[Exercise requirements]
Return exactly the lines of the records below, starting at the line that contains "Namaskar e Chandra" and ending at the line that contains "1.25ct Yellow Sapphire", with both of those lines kept.

[Data for this exercise]
* * * * * * * * *

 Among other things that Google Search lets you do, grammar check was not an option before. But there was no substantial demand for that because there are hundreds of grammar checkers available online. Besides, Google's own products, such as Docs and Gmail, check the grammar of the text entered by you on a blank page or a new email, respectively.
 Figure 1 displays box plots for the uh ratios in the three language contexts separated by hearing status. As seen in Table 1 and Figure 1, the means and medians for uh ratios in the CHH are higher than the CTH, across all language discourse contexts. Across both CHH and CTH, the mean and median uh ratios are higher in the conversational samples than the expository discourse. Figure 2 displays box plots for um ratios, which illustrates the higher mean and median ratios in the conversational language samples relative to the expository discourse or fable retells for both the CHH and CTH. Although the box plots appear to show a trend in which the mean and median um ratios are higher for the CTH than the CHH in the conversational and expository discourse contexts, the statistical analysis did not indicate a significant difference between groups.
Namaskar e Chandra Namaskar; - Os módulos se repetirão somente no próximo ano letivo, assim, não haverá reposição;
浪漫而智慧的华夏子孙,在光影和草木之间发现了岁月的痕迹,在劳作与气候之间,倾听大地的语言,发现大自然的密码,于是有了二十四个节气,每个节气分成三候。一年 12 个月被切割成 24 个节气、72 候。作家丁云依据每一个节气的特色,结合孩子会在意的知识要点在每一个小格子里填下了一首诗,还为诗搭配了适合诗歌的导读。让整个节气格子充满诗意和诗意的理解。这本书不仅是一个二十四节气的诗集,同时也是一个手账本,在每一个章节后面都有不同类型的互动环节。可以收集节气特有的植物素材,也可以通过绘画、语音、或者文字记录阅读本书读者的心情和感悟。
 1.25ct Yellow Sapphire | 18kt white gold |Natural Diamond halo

* * * * * * * * *

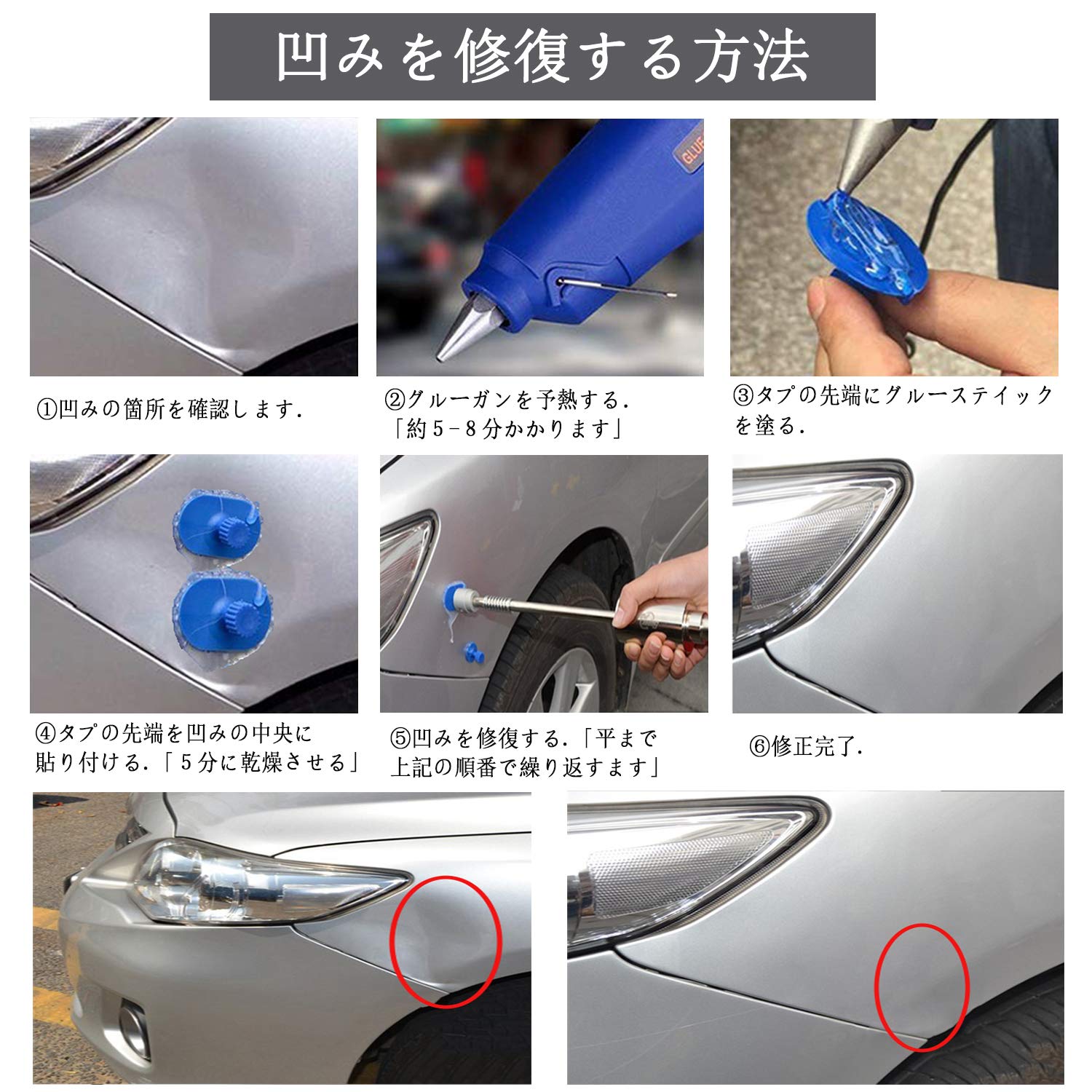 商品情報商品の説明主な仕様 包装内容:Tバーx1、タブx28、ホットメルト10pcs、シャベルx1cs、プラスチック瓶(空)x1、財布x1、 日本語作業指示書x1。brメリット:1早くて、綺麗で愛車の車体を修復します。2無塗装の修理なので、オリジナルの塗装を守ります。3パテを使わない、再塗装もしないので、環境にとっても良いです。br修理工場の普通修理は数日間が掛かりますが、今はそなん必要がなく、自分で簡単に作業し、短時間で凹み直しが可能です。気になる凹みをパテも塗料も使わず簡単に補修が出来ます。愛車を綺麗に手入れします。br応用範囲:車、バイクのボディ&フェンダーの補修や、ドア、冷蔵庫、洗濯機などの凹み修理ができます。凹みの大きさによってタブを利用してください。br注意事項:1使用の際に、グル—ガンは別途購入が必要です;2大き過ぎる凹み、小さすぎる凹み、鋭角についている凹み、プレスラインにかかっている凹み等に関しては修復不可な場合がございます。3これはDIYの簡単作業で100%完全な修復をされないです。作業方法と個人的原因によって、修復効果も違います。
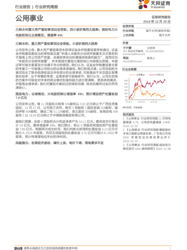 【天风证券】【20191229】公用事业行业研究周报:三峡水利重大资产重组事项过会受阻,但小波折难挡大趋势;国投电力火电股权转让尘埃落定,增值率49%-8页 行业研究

* * * * * * * * *

[Result]
Namaskar e Chandra Namaskar; - Os módulos se repetirão somente no próximo ano letivo, assim, não haverá reposição;
浪漫而智慧的华夏子孙,在光影和草木之间发现了岁月的痕迹,在劳作与气候之间,倾听大地的语言,发现大自然的密码,于是有了二十四个节气,每个节气分成三候。一年 12 个月被切割成 24 个节气、72 候。作家丁云依据每一个节气的特色,结合孩子会在意的知识要点在每一个小格子里填下了一首诗,还为诗搭配了适合诗歌的导读。让整个节气格子充满诗意和诗意的理解。这本书不仅是一个二十四节气的诗集,同时也是一个手账本,在每一个章节后面都有不同类型的互动环节。可以收集节气特有的植物素材,也可以通过绘画、语音、或者文字记录阅读本书读者的心情和感悟。
 1.25ct Yellow Sapphire | 18kt white gold |Natural Diamond halo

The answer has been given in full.